There are many moving parts that would likely decide the trajectory of the rate cycle in India. By and large, we do expect RBI’s rate hike cycle to be front-loaded in nature.
Commodity prices have started correcting and there are signs of correction in food prices too.
If this trend continues then there is a possibility that by Q4FY23, the headline CPI inflation could move closer to RBI’s comfort zone.
The other key factor that would likely determine RBI’s course of action would be the trajectory of rate hikes by the US Fed and the movement of the INR versus the USD.
So far, policymakers have been successful in ensuring that the currency depreciation has been orderly in nature.
Policymakers have also taken a series of incremental measures to stem INR deprecation and more such policy tweaks cannot be ruled out.
How should one invest in rate-sensitive stocks in a rate hike regime?
We are positive on banks in the current environment especially the larger private sector banks and select large PSU banks.
In the initial part of a rising rate cycle, banks which have a higher share of floating rate loans, a strong retail liability franchise and CASA (low-cost deposits) share tend to be better placed.
With credit costs normalisation, it is likely that the focus would shift toward loan growth and liability accretion.
In this context, the trend of large private sector banks gaining market share in loans and deposits is likely to continue.
These banks are well placed in terms of superior return ratios, are well capitalised and trade at reasonable valuations.
There is a risk of an earning downgrade post Q1 result. How should investors look at it? Do they need to be cautious?
Despite significant macro volatility, headline Nifty earnings have remained fairly resilient in FY22 and FY23E.
Near term, however, corporate earnings in Q1 and Q2 FY 23 could see some pressure on margins due to higher input costs even as revenue growth is likely to remain buoyant.
While we navigate the near-term uncertainty, structurally we believe that corporate earnings growth in India would remain well placed and likely in the mid-teens territory.
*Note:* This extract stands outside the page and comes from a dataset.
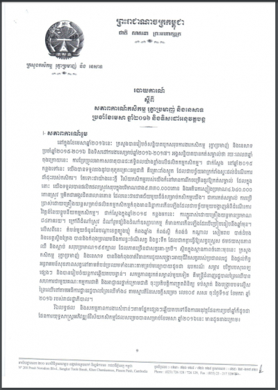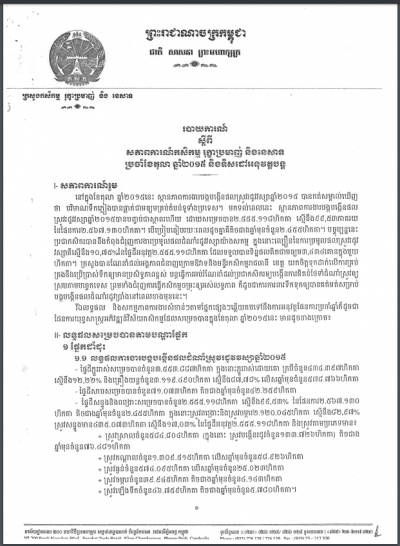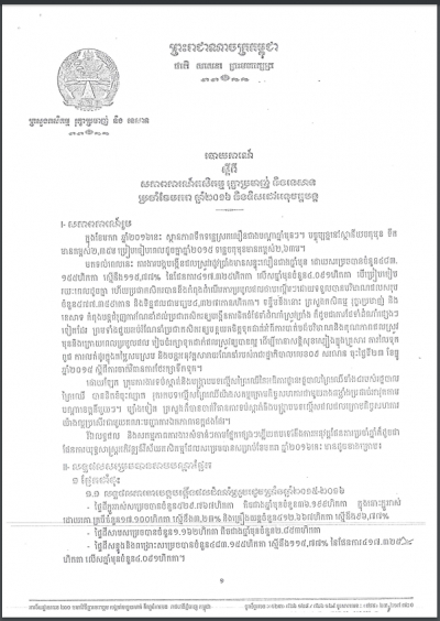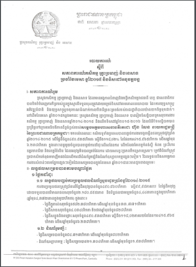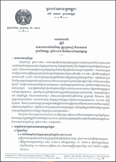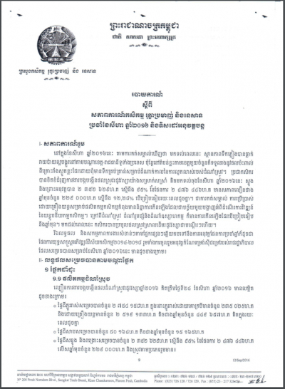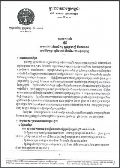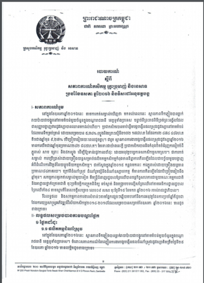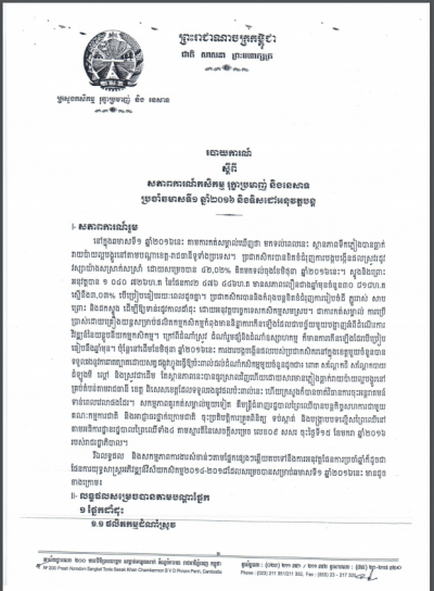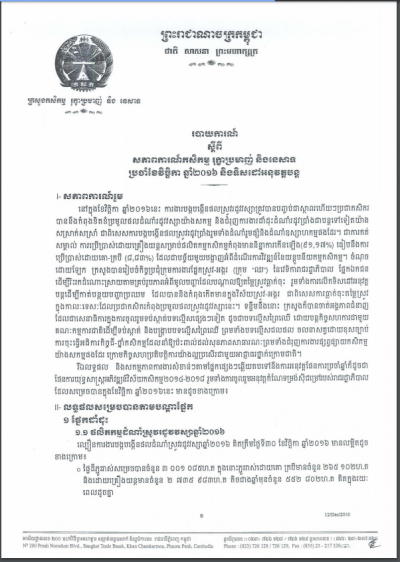 របាយការណ៍ស្តីពីសភាពការណ៍កសិកម្ម រុក្ខាប្រមាញ់ និងនេសាទប្រចាំឆមាសទី១ ឆ្នាំ២០១៦ និងទិសដៅអនុវត្តបន្ត

In fact, India’s corporate profit to GDP ratio is at a decadal high with Nifty 500 companies reporting profit/GDP at 4.3% as compared to 2.2% in FY20.
Auto stocks are hogging the limelight. Sectors such as IT are witnessing outflow while investors are betting on the auto sector. What are your views on the IT and auto sector? Which sector out of these two will you bet on?
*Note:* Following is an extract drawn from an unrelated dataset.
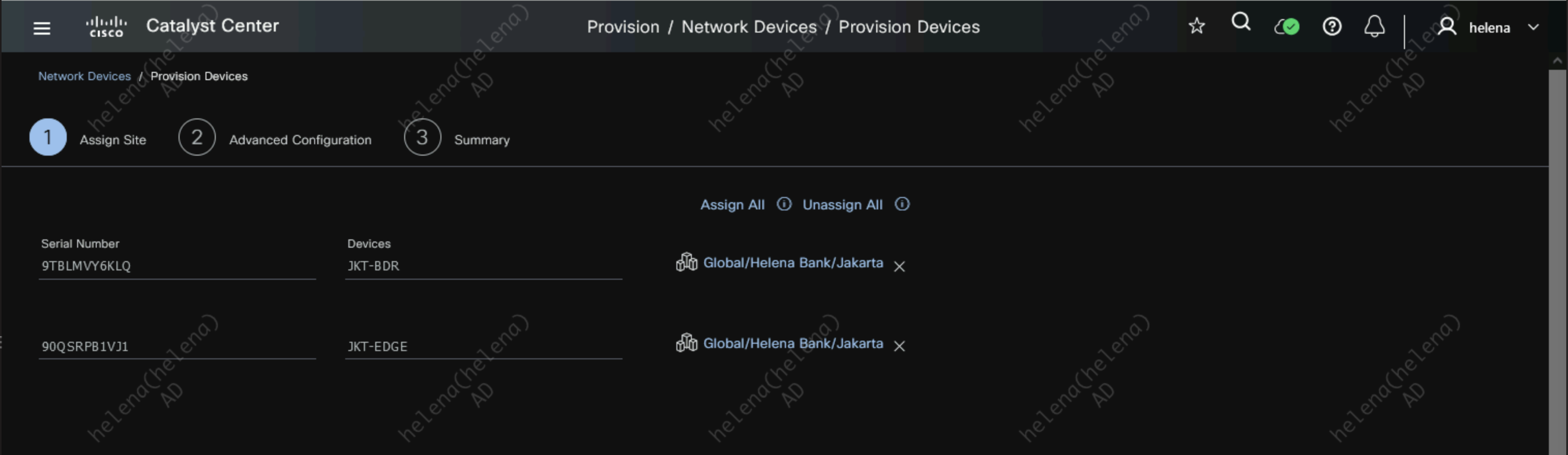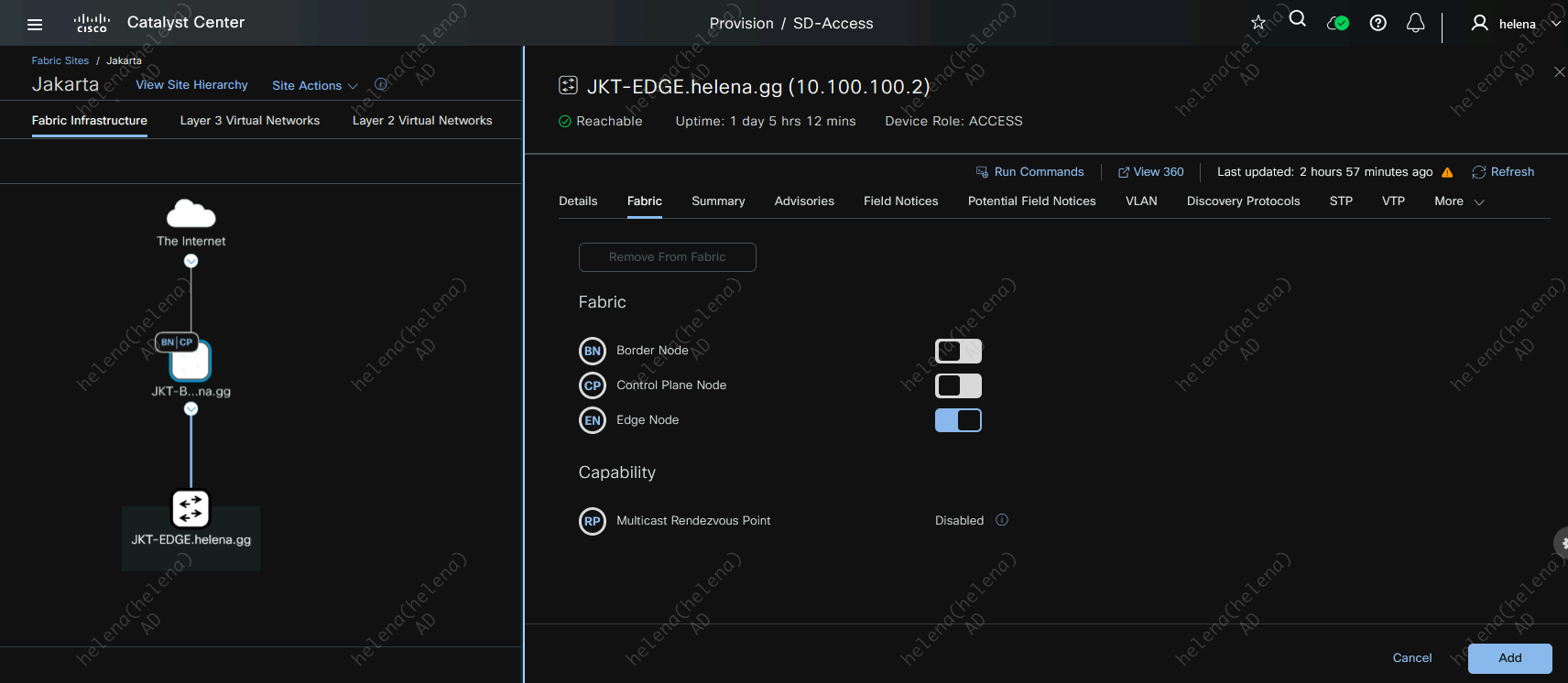 Now we can see that both devices are in the Jakarta site, but they still dont have roles in the SDA Fabric

We are positive on the auto sector while being cautious in the near term on technology, especially the mid-cap tech stocks.
In the auto sector, we expect to see normalization of long-term growth rates post a multi-decadal low.
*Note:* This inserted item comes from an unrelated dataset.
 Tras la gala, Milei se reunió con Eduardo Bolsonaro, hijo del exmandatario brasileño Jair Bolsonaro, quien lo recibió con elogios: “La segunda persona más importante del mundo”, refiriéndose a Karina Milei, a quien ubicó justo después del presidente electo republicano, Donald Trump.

Execution abilities and supply chain management will be the key differentiators among companies which would likely determine volume growth as demand picks up in select pockets.
Further, if commodity costs continue to decline, it could be positive for margins in the medium term even while there are near-term pressures.
Our preference within the auto pack is for the four-wheeler segment over the others given that inventory levels are low and new product launches are likely to drive growth.
We have been cautious about IT as a sector over the past few months and while valuations have corrected we continue to remain somewhat cautious with a preference for large-cap IT over the mid-cap.
The digital transformation opportunity for the sector is structural over the medium to long term. However, there are near-term headwinds that the sector has to navigate.
The supply side pressures and the impact on margins are now well known, however, we now have to contend with volatility in revenue growth trajectory given the uncertainty surrounding global growth.
While we are cautious in the near term, we do believe that Indian IT companies have emerged as strong digital transformation partners to many companies with cost leadership and talent which is a long-term advantage over global competitions.
Disclaimer: The views and recommendations made above are those of the analysts and not of MintGenie.